## [TASK INSTRUCTIONS]
Your answer must be the lines from the first one in the material through the line with "Detailed ink drawing of a fish profile view.", retyped exactly and with no pictures.

## [DATA SHOWN]
────────────────────────────────────────
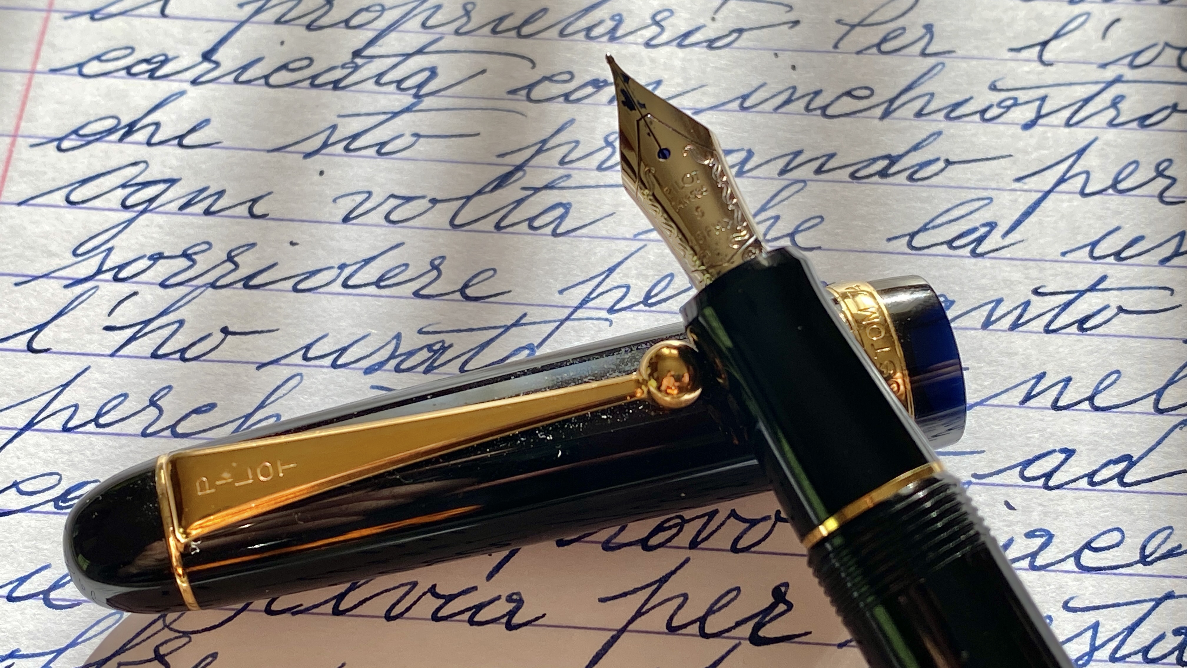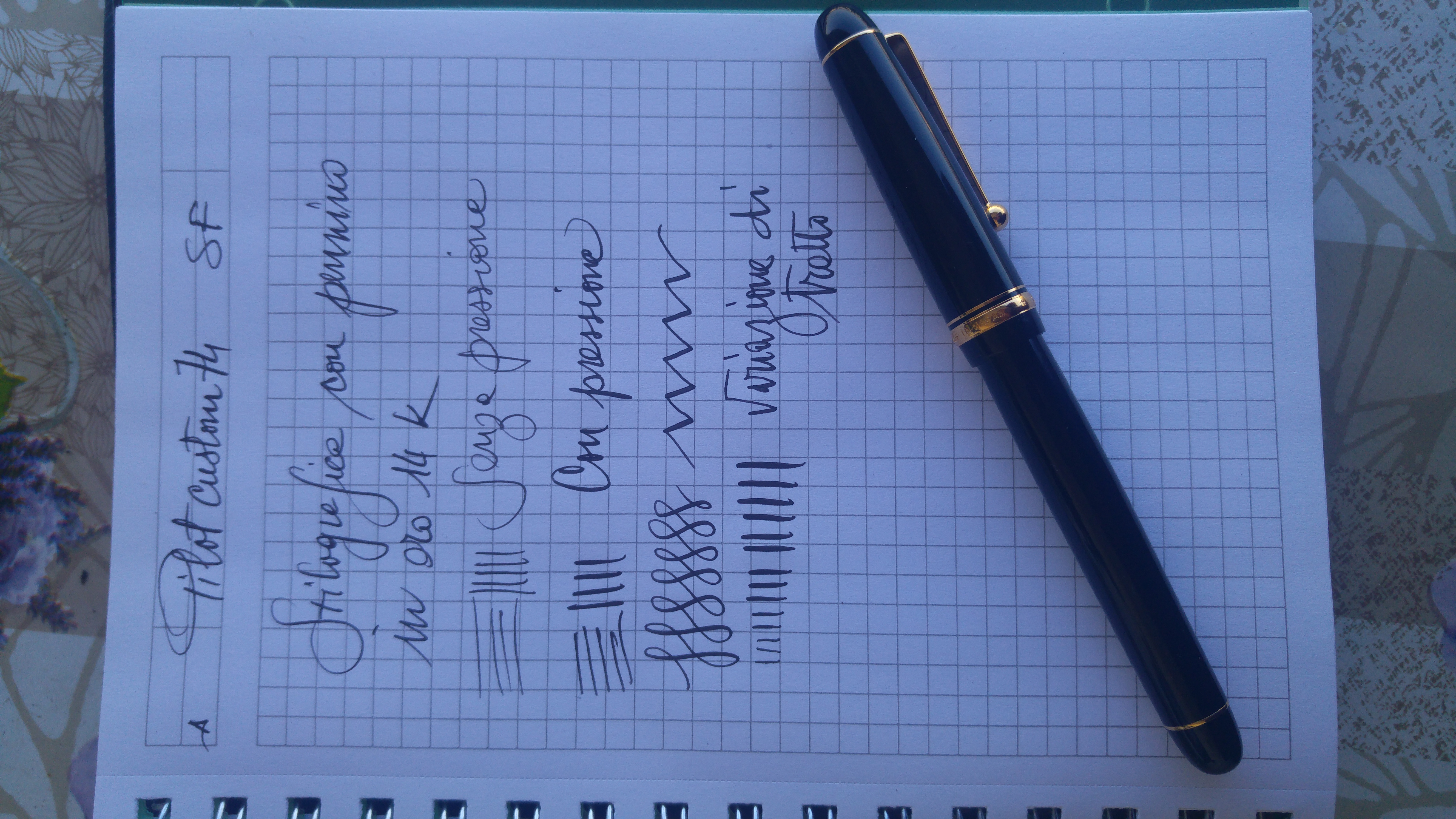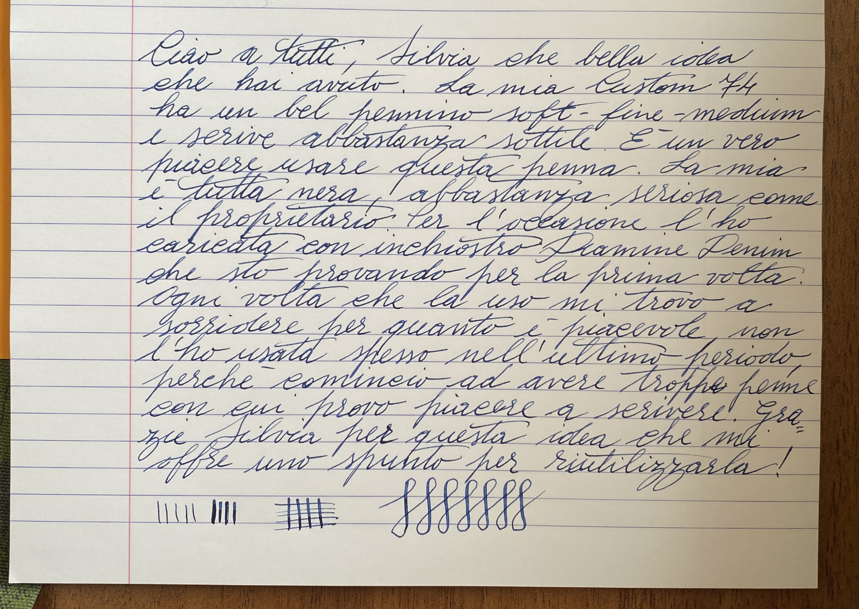 Ciao a tutti, Silvia che bella idea che hai avuto. La mia Custom 74 ha un bel pennino soft-fine-medium e scrive abbastanza sottile. È un vero piacere usare questa penna. La mia è tutta nera, abbastanza seriosa come il proprietario. Per l’occasione l’ho caricata con inchiostro Diamine Denim che sto provando per la prima volta. Ogni volta che la uso mi trovo a sorridere per quanto è piacevole, non l’ho usata spesso nell’ultimo periodo perché comincio ad avere troppe penne con cui provo piacere a scrivere. Grazie Silvia per questa idea che mi offre uno spunto per riutilizzarla.
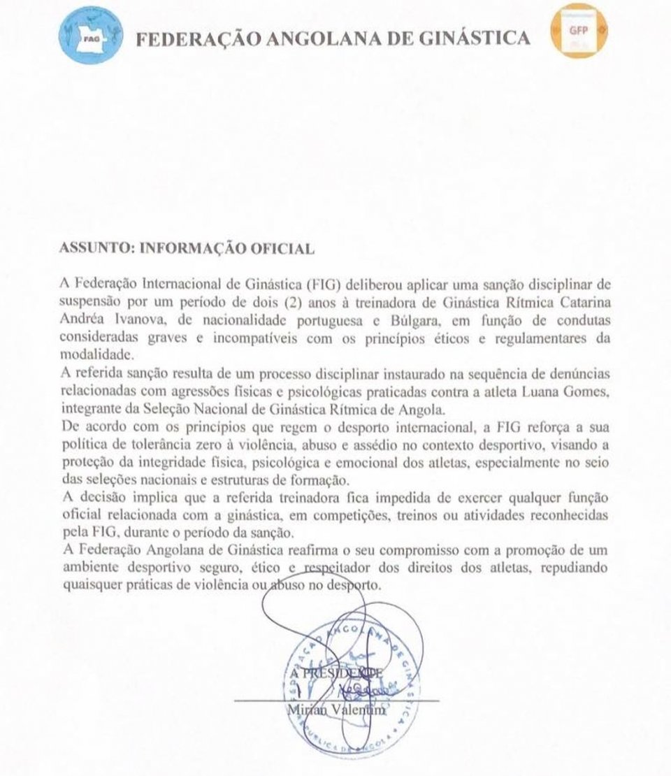"По време на периода на наказанието, треньорката е лишена от всякаква официална функция, свързана с гимнастика, независимо дали става въпрос за състезания, тренировки или други дейности, признати от FIG. Анголската федерация по гимнастика потвърждава ангажимента си за насърчаване на безопасна, етична и уважителна спортна среда, отхвърляйки всякакви практики на насилие или злоупотреба в спорта", пише FAG.
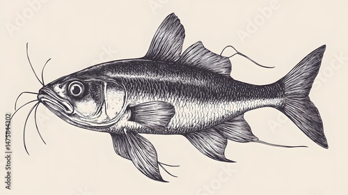 Detailed ink drawing of a fish profile view.
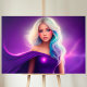 Beautiful blonde girl with blue eyes in an elegant purple dress, design in purple pink and white shades with a neon effect. (PLEASE! - See also other new collections for more choices)
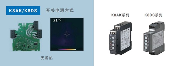 以往的普通反相缺相继电器等采用了电容分压回路方式,因此会受变频噪音影响发热。K8AK/K8DS系列的电源方式采用开关电源方式。不会受变频器噪声等影响发热,因此可以放心、安全地使用。
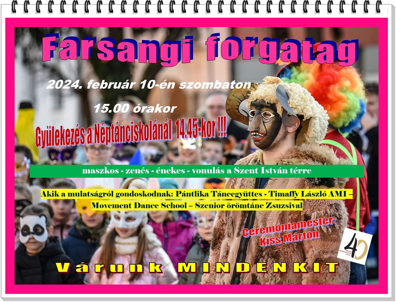A Néptánciskolától délután 3 órakor maskarában, álarcban, jelmezben indul a város apraja-nagyja és zeng az ének egészen a Szent István térig. A jó hangulatról Kiss Márton ceremóniamester, az óriási mulatságról a Pántlika Néptáncegyüttes, a Timaffy László AMI, Movement Dance School gondoskodik, valamint várható Szenior örömtánc Zsuzsival.
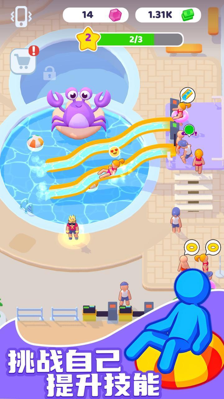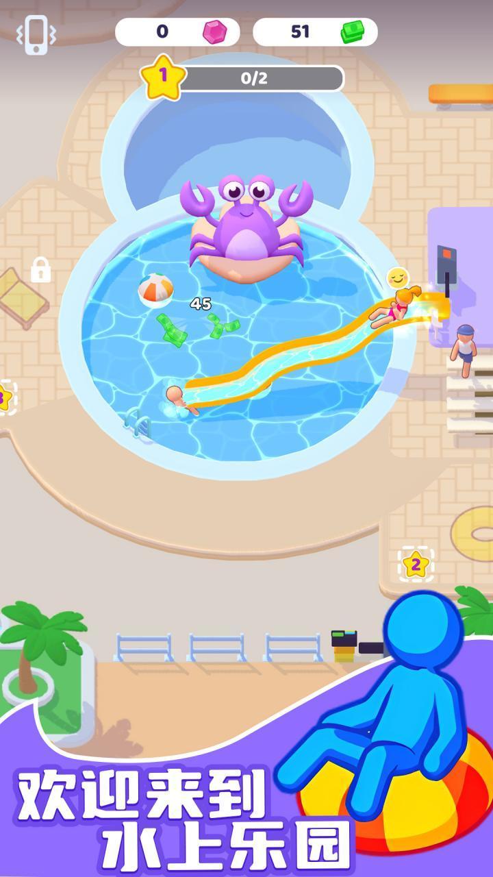 自由建设:玩家可以根据自己的想象力和创造力来设计并建设自己的水上乐园。从选择乐园的地点和主题,到建造滑水道、泳池、冲浪池等各种设施,玩家可以完全自由打造独一无二的乐园。
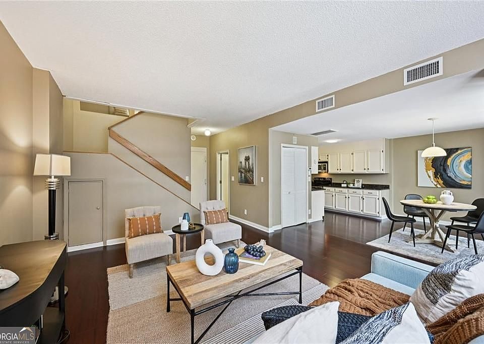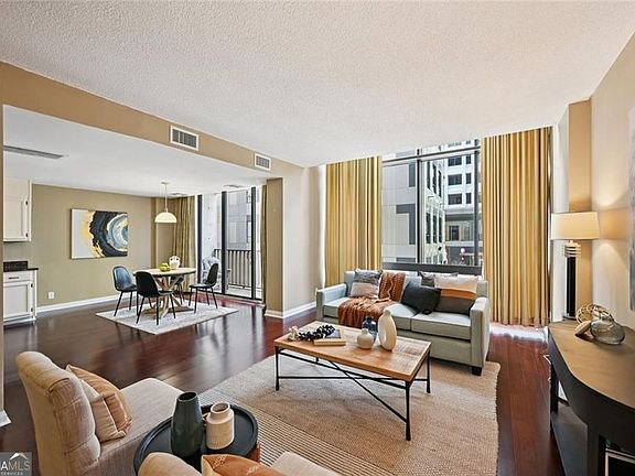 Dramatic 2-Story Condo in Colony Square, the Heart of Midtown! Discover the epitome of urban living in this stunning 1,500 Sq Ft condo located in vibrant Colony House. This residence boasts 2-story windows that offer a breathtaking view of the beautiful garden patio of Saints + Council and the exciting city-scape of Midtown. The open floor plan downstairs features hardwood floors and offers ample space for entertaining. The living room seamlessly flows into the dining area, which then opens up to great kitchen for all your culinary needs. A convenient powder room for guests is also available downstairs, along with extra storage space under the stairwell. The washer and dryer are placed in a closet next to the kitchen for easy access. Upstairs, you will find two large, carpeted bedrooms and two bathrooms. The master bathroom has been updated with tiles, a new walk-in shower, and a spacious walk-in closet. Additionally, the loft on the second floor presents a versatile space that can serve as an office or accommodate a Murphy bed. This unit could be sold fully furnished. The Colony House Condo is pet-friendly and is surrounded by numerous parks, making it an ideal choice for pet owners. YES, it is FHA approved. Living in Colony Square means enjoying the best of the urban "live-work-play" lifestyle. With a fantastic selection of restaurants and a food court right at your doorstep, you'll find little need to cook. MARTA is just one block away, providing quick access to the airport. Additionally, you are within walking distance of Piedmont Park, the Beltline, Botanical Gardens, Alliance Theater, Museum, Symphony, Whole Foods, and yoga classes. Embrace the luxurious urban living experience that Colony Square has to offer. This condo is not just a home, but a gateway to a vibrant, dynamic lifestyle.
────────────────────────────────────────
## [RESULT OF THE TASK]
 Ciao a tutti, Silvia che bella idea che hai avuto. La mia Custom 74 ha un bel pennino soft-fine-medium e scrive abbastanza sottile. È un vero piacere usare questa penna. La mia è tutta nera, abbastanza seriosa come il proprietario. Per l’occasione l’ho caricata con inchiostro Diamine Denim che sto provando per la prima volta. Ogni volta che la uso mi trovo a sorridere per quanto è piacevole, non l’ho usata spesso nell’ultimo periodo perché comincio ad avere troppe penne con cui provo piacere a scrivere. Grazie Silvia per questa idea che mi offre uno spunto per riutilizzarla.
"По време на периода на наказанието, треньорката е лишена от всякаква официална функция, свързана с гимнастика, независимо дали става въпрос за състезания, тренировки или други дейности, признати от FIG. Анголската федерация по гимнастика потвърждава ангажимента си за насърчаване на безопасна, етична и уважителна спортна среда, отхвърляйки всякакви практики на насилие или злоупотреба в спорта", пише FAG.
 Detailed ink drawing of a fish profile view.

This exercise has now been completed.